The trouble starts when this mindset is brought into the world of business.
Business is not a one-off confrontation. It is a repeated game, played over time, with memory, reputation, and consequences that accumulate. In such an environment, “one and done” is rarely a sophisticated strategy. More often, it is an illusion of control – mistaking a decisive move for a final one.
Decisiveness matters in negotiations. Leaders are supposed to offer clarity, minimize uncertainty and move with confidence. A bold decision can spark a movement and establish leadership. But decisiveness is not the same as certainty. In business, almost no deal really signifies the end of the transaction. Markets respond, partners adapt, employees translate, and adversaries plan the next move. A judgment is enacted once, but its consequences are served up at the table over and over.
This is where the “one and done” mindset becomes risky.

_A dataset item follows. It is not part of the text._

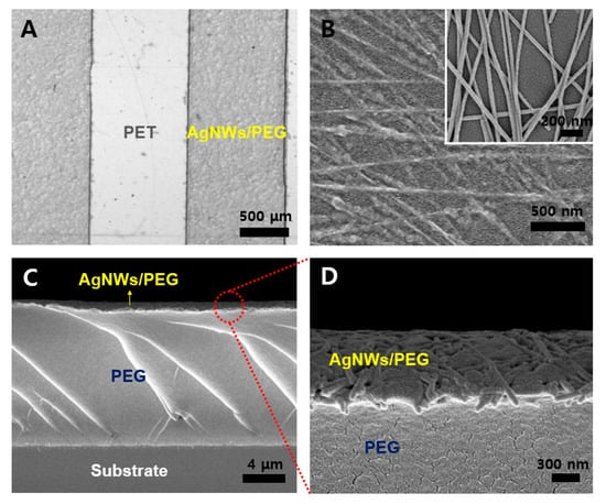 (A) Optical micrographs of AgNW-PEG patterns of line width 1 mm on PET. (B) FE-SEM micrographs of AgNW-PEG patterns on a PET substrate. (B inset) SEM micrograph of AgNW patterns on glass. (C,D) Cross sectional views of AgNW-PEG patterns of line width 1 mm on substrate.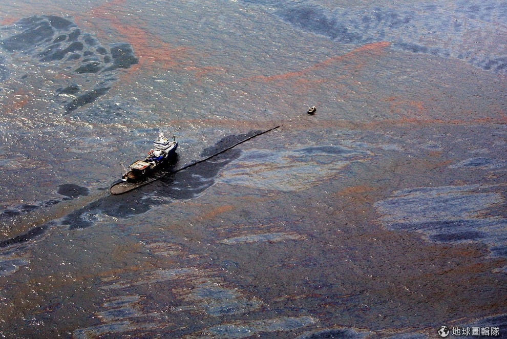 圖拍攝於 2010年6月,一艘工船在覆滿石油的海面上航行著。2010年 4月,英國石油公司在墨西哥灣鑽油時發生爆炸,造成大量原油蔓延到海面導致嚴重的生態浩劫。這類石油汙染也會使得一些微生物難以生存。

Executives who are confident that they can secure a deal with just one aggressive play typically underestimate the system in which they are operating: Commercial relationships do not begin or end with any single deal, but rather develop over time. Supply chains are interdependent. Clients don’t forget how they’ve been treated. A staff also remembers how decisions were made. Competitors also learn from what they see. The field is not cleared after the move – it re-forms around it.

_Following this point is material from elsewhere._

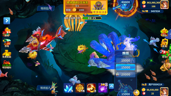 炮台是游戏里最重要的道具,相对来说捕鱼时使用的倍率也是相当重要的,那么在进行游戏的时候,我们要学会根据不同的鱼类、BOSS来选择不同的炮倍。比如在刚进入渔场的时候,BOSS如果还没出现,我们可以切换成低倍炮,捕抓小鱼热热身,节省金币,等待BOSS出现之后,再切换成高倍,实现捕鱼奖励最大化,从而在游戏中获得更多的金币。

And that’s the thing about power in repeated games: it is not a function of how hard you push to close the deal; instead, any power you might have comes from sealing a good one. A contract signed under duress may crumple at the first stress test. A reorganization announced in the middle of the night may sound bold on a PowerPoint slide but flounder in implementation. A public ultimatum may win the day, but at the lonely price of weakening trust.
The irony, of course, is that leaders who try to exert control through “one and done” often find themselves with less of it. By declaring the interaction finished, they cease controlling the aftermath. By stating that it’s over, they refocus attention away from where the real action is taking place. And in business, it is the aftermath that really matters because it will determine whether value is preserved or eroded over time.
There isn’t much space for “one and done” in business, because the playing field can sour on you. Who you call on today may be the strategic partner, regulator, supplier or board member of tomorrow. Leverage shifts. Context changes. What feels like power in one quarter begin to feel like weakness in the next. The story of how a decision was made often matters more than the decision itself.
Strong negotiators understand this instinctively. They are not concerned with bringing the talks to a close; they are concerned with shaping the next stage. They’re not focused on closing statements, but future optionality. They wonder not just how anyone will sign a deal, but also how it will work when conditions change.
There are situations where speed and decisiveness are essential: ontaining a crisis, drawing a clear ethical line, or walking away from a partnership that no longer serves its purpose. But even in those moments, success is not determined by how forcefully the move is made, but by how well it holds once the moment has passed. Decisions that are clear but disconnected from what comes next rarely endure.
“One and done” may certainly sound strong, confident and like it comes from a place of leadership. But in business, where relationships repeat and power shifts, certainty is rarely final. More often, it is a temporary pause in a longer game: one that continues whether leaders acknowledge it or not.